* _Dataset excerpts_
---
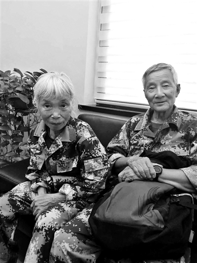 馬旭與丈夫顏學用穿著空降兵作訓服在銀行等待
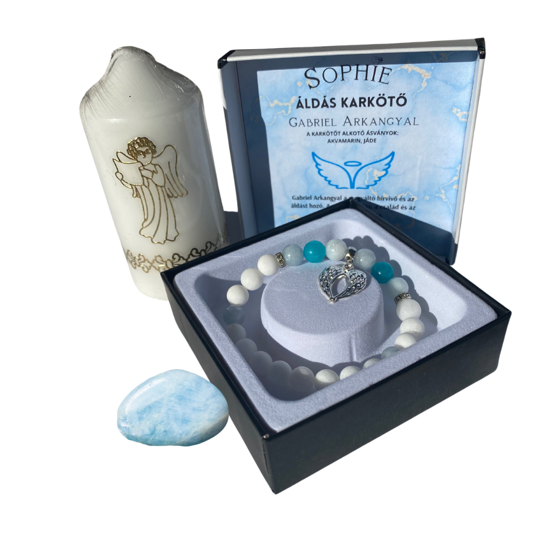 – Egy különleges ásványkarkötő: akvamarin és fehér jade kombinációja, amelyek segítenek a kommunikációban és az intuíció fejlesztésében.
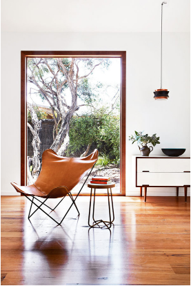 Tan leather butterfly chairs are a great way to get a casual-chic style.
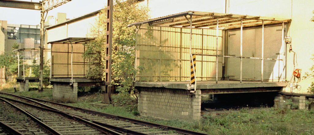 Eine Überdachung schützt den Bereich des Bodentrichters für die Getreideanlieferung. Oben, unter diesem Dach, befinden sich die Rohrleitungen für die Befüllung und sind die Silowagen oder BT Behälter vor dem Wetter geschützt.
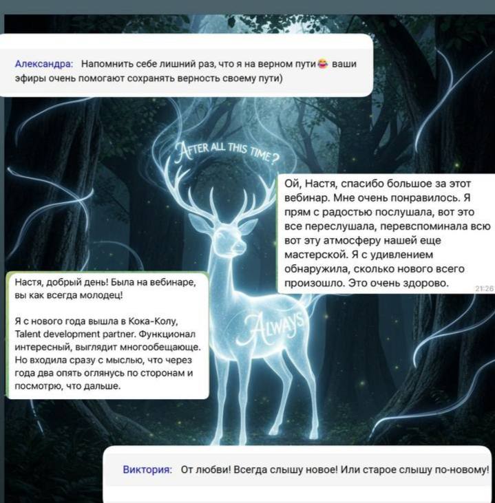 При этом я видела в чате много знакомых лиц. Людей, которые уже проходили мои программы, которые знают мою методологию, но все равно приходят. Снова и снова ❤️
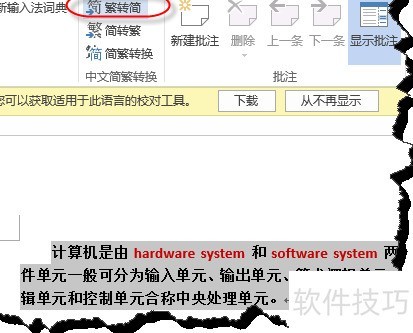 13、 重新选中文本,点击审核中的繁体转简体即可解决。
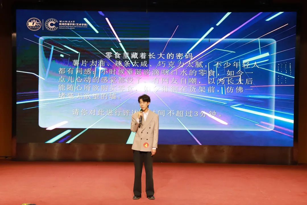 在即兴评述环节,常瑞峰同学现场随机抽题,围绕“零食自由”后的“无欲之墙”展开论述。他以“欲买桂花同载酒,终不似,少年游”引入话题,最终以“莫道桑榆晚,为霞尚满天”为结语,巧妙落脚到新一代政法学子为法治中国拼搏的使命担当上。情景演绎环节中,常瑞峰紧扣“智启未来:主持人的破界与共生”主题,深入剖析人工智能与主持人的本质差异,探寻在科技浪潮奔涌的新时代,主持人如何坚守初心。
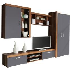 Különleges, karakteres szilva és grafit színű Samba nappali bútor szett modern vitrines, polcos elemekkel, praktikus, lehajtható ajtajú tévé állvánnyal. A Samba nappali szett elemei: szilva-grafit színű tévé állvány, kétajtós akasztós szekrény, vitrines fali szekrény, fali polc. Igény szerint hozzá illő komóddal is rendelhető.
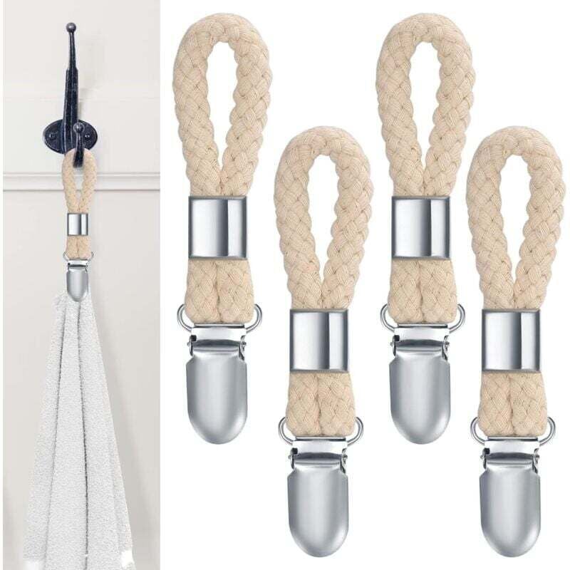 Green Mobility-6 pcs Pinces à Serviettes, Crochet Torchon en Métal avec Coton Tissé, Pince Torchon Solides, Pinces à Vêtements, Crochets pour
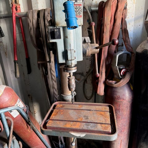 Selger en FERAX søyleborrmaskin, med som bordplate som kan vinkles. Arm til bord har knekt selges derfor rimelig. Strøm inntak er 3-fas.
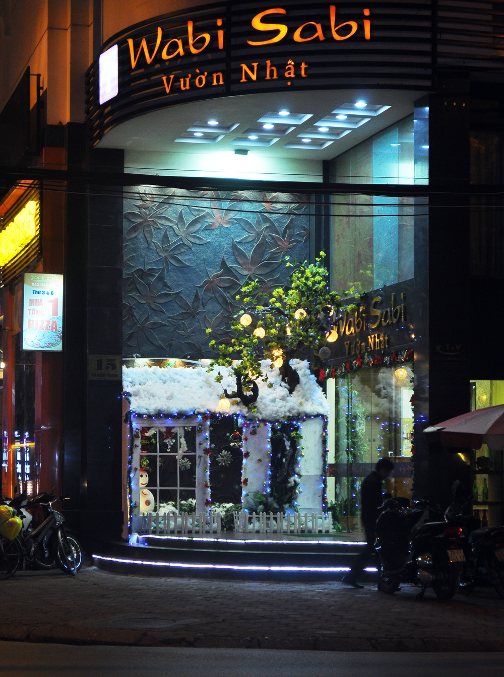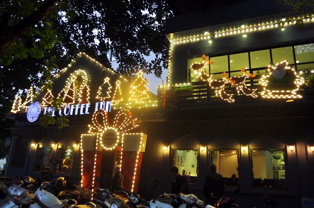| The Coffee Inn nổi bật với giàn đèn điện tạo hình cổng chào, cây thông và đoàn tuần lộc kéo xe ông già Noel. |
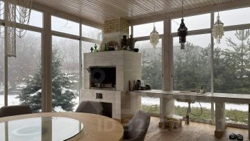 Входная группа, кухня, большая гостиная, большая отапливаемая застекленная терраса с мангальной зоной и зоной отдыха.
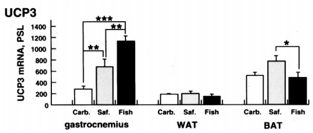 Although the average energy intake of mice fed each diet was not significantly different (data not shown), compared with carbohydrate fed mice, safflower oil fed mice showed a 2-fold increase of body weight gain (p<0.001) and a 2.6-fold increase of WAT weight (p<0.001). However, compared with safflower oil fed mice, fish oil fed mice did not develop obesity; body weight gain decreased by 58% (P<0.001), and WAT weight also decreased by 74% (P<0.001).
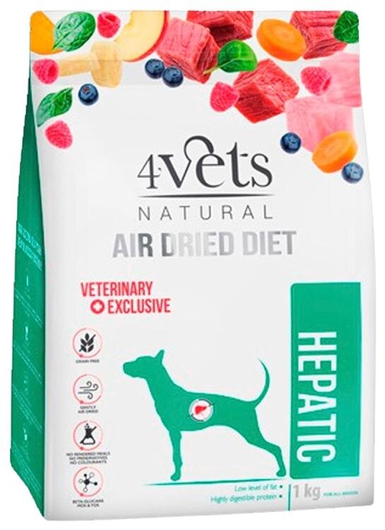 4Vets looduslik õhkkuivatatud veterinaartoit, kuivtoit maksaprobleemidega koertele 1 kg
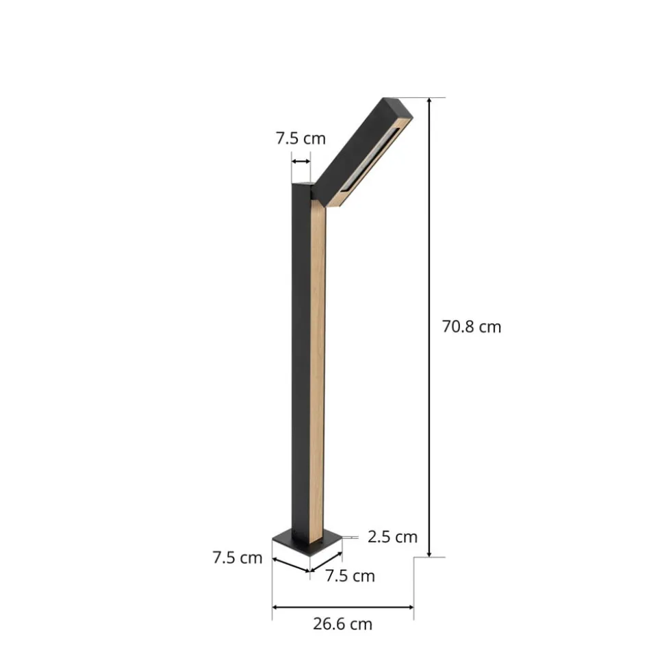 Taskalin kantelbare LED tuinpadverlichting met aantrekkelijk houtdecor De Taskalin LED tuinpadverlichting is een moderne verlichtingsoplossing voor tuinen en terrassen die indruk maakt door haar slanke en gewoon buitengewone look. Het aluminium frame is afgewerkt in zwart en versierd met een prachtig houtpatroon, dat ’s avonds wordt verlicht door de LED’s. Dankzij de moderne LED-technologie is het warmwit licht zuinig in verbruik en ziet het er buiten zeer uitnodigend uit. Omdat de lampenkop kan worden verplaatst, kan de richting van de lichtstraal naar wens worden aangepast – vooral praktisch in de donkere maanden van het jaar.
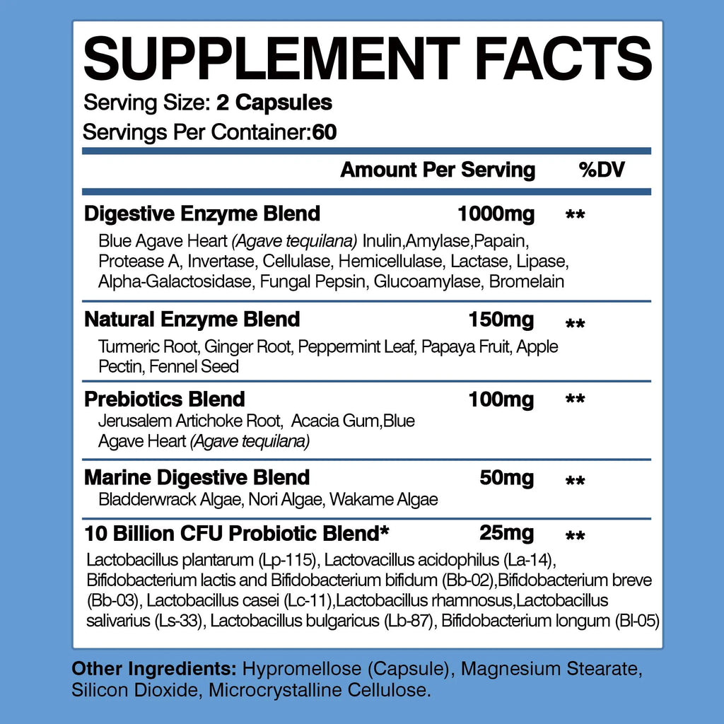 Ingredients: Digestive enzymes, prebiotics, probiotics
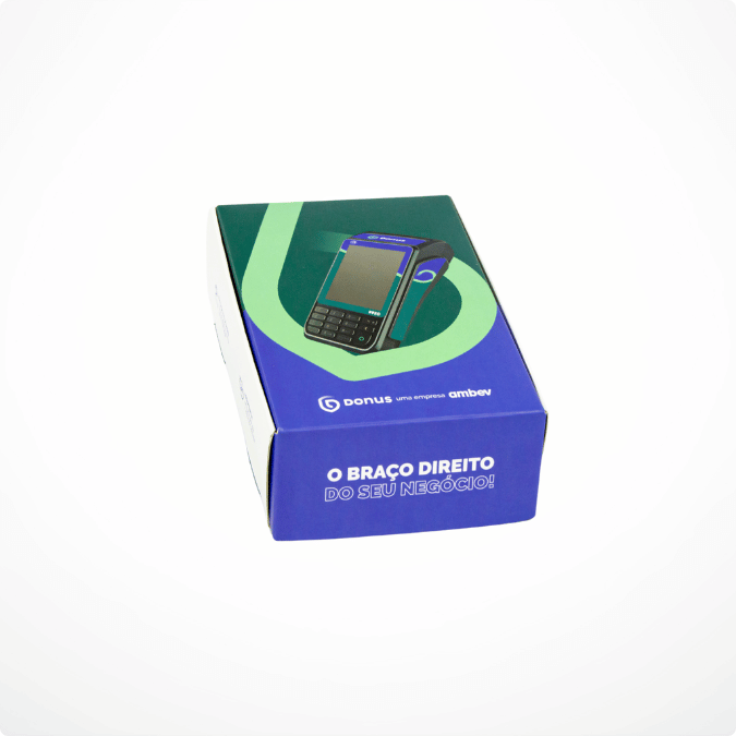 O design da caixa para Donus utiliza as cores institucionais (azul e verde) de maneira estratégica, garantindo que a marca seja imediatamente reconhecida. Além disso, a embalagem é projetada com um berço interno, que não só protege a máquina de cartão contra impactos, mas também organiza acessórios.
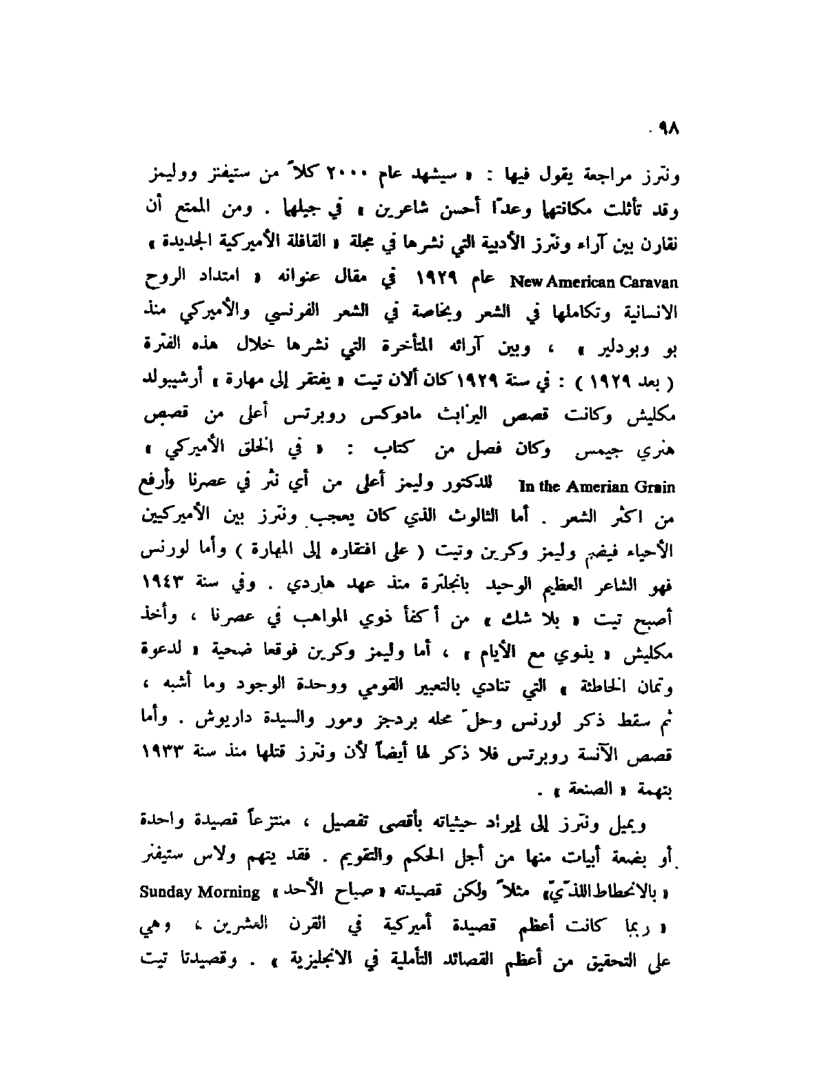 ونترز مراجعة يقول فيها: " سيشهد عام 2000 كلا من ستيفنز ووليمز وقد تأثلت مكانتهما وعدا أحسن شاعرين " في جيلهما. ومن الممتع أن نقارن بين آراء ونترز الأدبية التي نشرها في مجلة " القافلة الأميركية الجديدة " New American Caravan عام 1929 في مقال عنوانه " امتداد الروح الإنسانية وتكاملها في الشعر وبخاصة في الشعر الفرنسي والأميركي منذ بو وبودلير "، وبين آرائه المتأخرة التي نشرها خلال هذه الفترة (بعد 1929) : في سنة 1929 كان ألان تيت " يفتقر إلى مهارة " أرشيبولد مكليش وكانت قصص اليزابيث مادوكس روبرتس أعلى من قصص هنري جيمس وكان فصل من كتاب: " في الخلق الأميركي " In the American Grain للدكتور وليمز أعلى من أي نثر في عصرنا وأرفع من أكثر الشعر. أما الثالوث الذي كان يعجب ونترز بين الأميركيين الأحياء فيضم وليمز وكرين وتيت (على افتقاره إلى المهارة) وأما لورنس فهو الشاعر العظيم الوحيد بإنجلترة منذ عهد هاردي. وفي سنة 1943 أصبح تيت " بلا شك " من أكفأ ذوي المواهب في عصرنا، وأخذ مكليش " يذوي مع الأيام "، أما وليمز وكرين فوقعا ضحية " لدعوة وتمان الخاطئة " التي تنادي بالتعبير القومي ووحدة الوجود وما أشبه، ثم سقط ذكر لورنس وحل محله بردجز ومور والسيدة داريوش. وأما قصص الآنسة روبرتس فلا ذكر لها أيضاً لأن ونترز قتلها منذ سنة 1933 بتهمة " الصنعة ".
---
* _Work task_
Pictures excluded, repeat the records exactly from their opening line through the line containing "Tan leather butterfly".

* _Result for this exercise_
 馬旭與丈夫顏學用穿著空降兵作訓服在銀行等待
 – Egy különleges ásványkarkötő: akvamarin és fehér jade kombinációja, amelyek segítenek a kommunikációban és az intuíció fejlesztésében.
 Tan leather butterfly chairs are a great way to get a casual-chic style.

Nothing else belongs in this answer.